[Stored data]

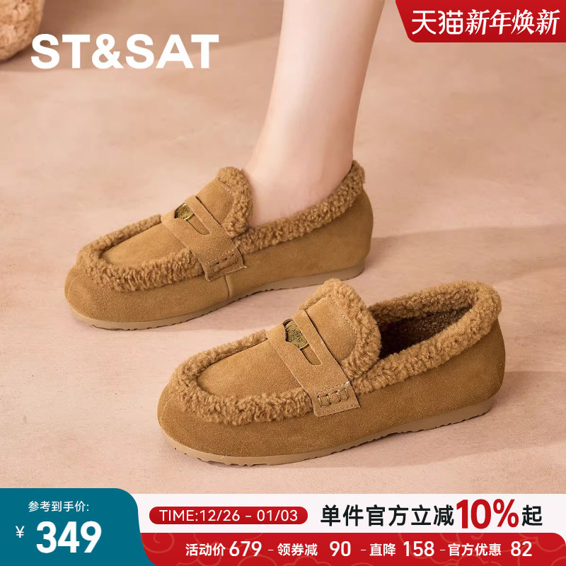AMR UU◆冬季加绒保暖毛毛鞋加绒乐福鞋圆头外穿毛绒豆豆鞋女新款
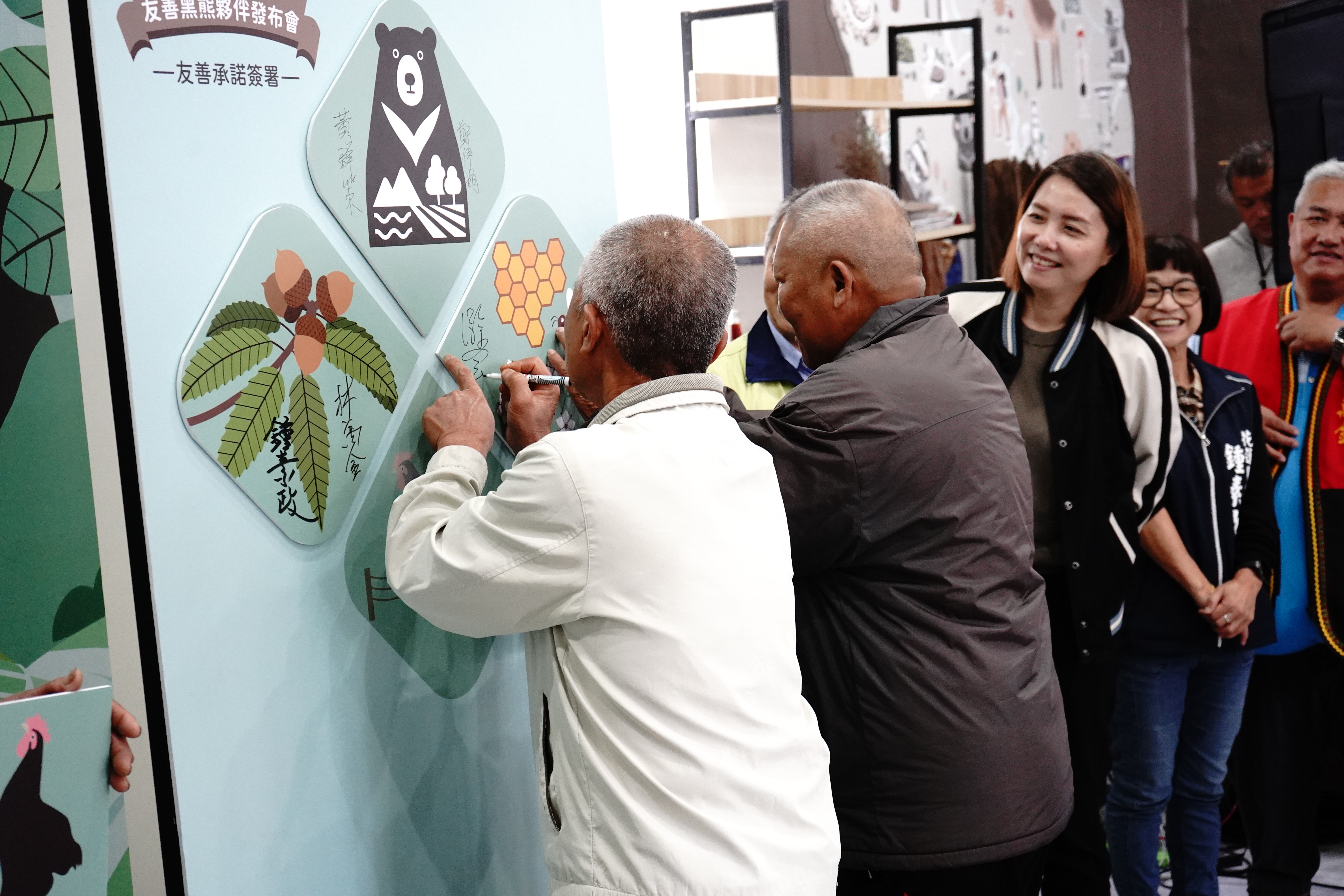 為協助因臺灣黑熊活動頻繁而面臨雞舍、蜂場時遭侵擾的卓溪鄉社區從「衝突」邁向「共存」,農業部林業及自然保育署花蓮分署今(26)日於卓溪原住民產業服務中心舉辦「保育柑仔店暨友善黑熊夥伴」發布會,邀集在地友善黑熊農友及保育柑仔店店家共同簽署友善承諾,宣示社區與政府攜手守護山林的決心。 花蓮分署指出,「保育柑仔店」與「友善黑熊夥伴」為兼顧保育與生計的社區共榮模式,透過友善飼養、換發改良式獵具、人熊共存電圍網等措施,降低黑熊與人類活動的衝突風險。未來分署將持續推動生態給付、教育宣導與社區培力,讓卓溪鄉的人熊共存模式成為全臺指標案例。 分署長黃群策進一步說明,將部落最熟悉的「柑仔店」轉化為友善保育據點,讓民眾能在店內兌換改良式獵具,並獲得友善環境資訊。目前卓溪鄉共有六村七處保育柑仔店,包括珍閎商店、玉泉商號、卓溪商號、三立商店、智榮商號、恩平商號與卓清村村長合作據點,使保育意識在日常中萌芽,並有效降低陷阱誤捕風險。 花蓮分署同步串連在地雞農與蜂農,共同推動友善管理措施,組成友善黑熊夥伴。參與農友包括古麗莉、陳文德、沈水土、沈子恒、蔡玉花、江國光、陳保存、池明鎮、池明典、池宥葳及廖瑞雲等11人,他們以實際行動落實人熊和平共處。 今日感謝卓溪鄉立山村三笠山部落何智超,在11月9日通報目擊黑熊抓雞侵擾,分署立即派遣人員前往勘查,並設置紅外線照相機監控及佈設2組誘捕籠,並順利在當天晚間9時46分成功捕獲,將黑熊後送東部野生動物救傷中心野灣動物醫院檢查個體狀況,頒發台灣黑熊生態給付通報獎勵金。 今天的卓溪原住民產業服務中心,部落在地各方代表齊聚一堂,林業保育署鄭伊娟簡任技正、卓溪鄉公所林萬金秘書、花蓮縣縣議會鍾素政議員等代表共同參與發表會,活動參點由「潘朵拉的盒子手作工坊」以友善農特產品研製創意料理,運用雞肉、蜂蜜與卓溪柚子推出舒肥咕咕迷你堡、蜂巢蛋糕及蜂蜜柚香飲品,展現友善行動融入食農生活的可能性。 花蓮分署強調,卓溪鄉已展現全臺最具代表性的「人熊共存模式」。從地方出發、以社區行動實踐尊重自然與珍惜萬物的精神,正是「友善黑熊夥伴」最重要、也最珍貴的核心價值。
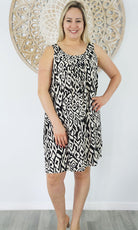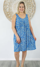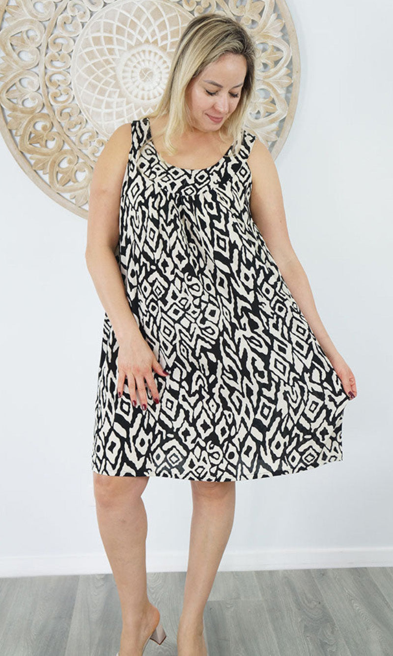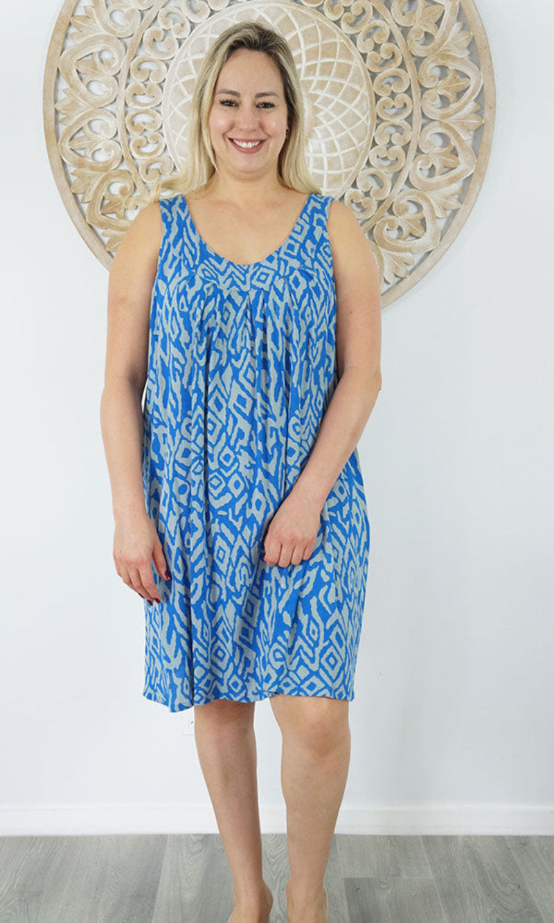 The Tahiti dress makes a great casual dress made from a cool crinkle rayon for those hot summer days. You'll find elastic easements under the arm area for that perfect fit. Sizes S/M (10-12), LXL (14-16), 2XL (18-20).
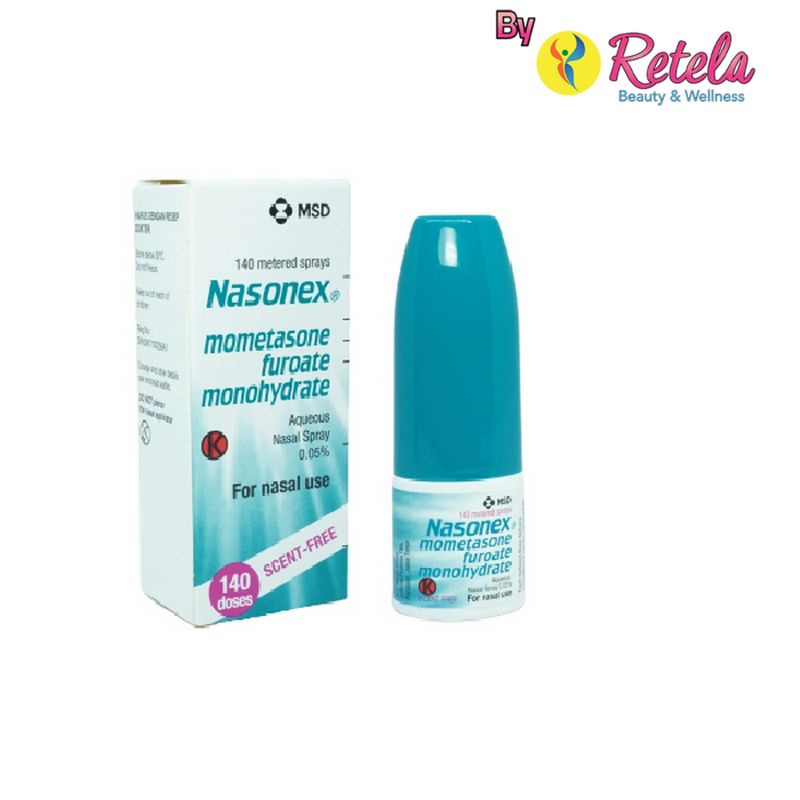 Komposisi: Tiap dosis semprotan mengandung mometasone furoate 50 mcg
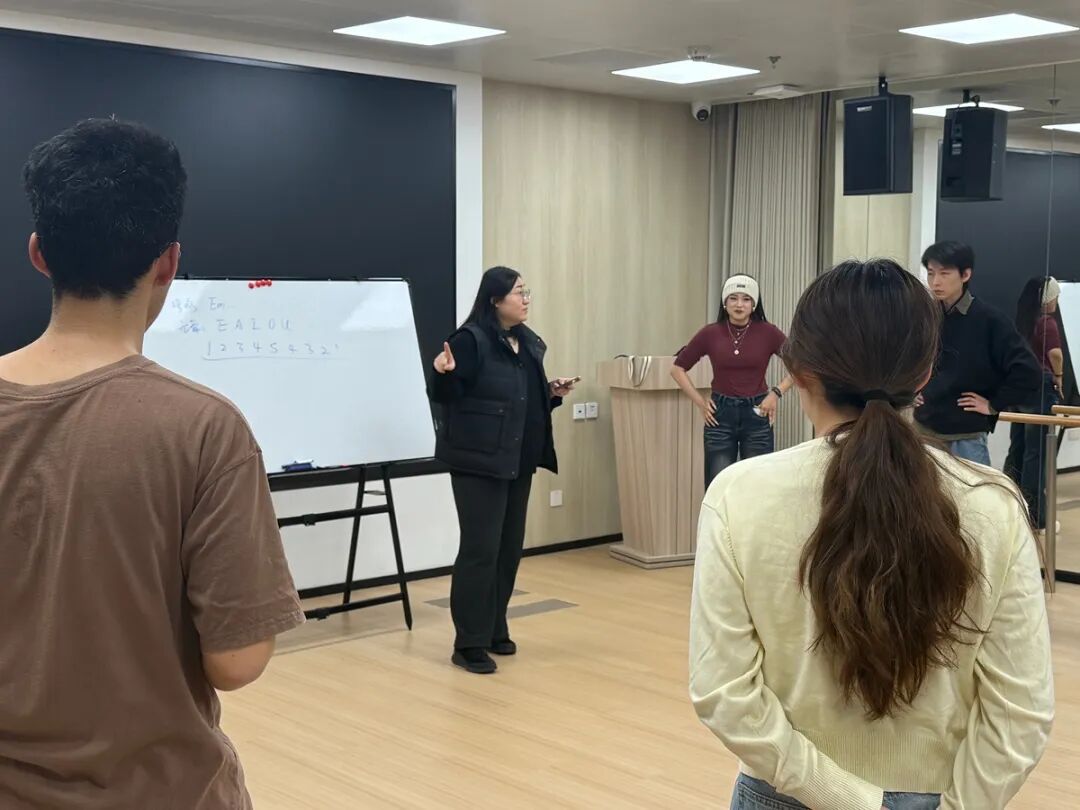 课堂上,老师用“腔体共鸣小游戏”帮害羞的学员打开声音;面对高音难题,她手把手教学“丹田发力”技巧;即便是零基础的“小白”,也能在轻松氛围中掌握胸腹式呼吸法,告别“大白嗓”。“原来我也能飙出高音!”“和同事一起排戏太快乐了!”课后,学员们纷纷分享收获——在这里,他们不仅学技能,更找到了志同道合的伙伴和释放自我的出口。

■ Exercise requirements
Once you find the line with "The Tahiti dress", restate it and every later line of the data word for word, excluding the pictures.

■ The answer
 The Tahiti dress makes a great casual dress made from a cool crinkle rayon for those hot summer days. You'll find elastic easements under the arm area for that perfect fit. Sizes S/M (10-12), LXL (14-16), 2XL (18-20).
 Komposisi: Tiap dosis semprotan mengandung mometasone furoate 50 mcg
 课堂上,老师用“腔体共鸣小游戏”帮害羞的学员打开声音;面对高音难题,她手把手教学“丹田发力”技巧;即便是零基础的“小白”,也能在轻松氛围中掌握胸腹式呼吸法,告别“大白嗓”。“原来我也能飙出高音!”“和同事一起排戏太快乐了!”课后,学员们纷纷分享收获——在这里,他们不仅学技能,更找到了志同道合的伙伴和释放自我的出口。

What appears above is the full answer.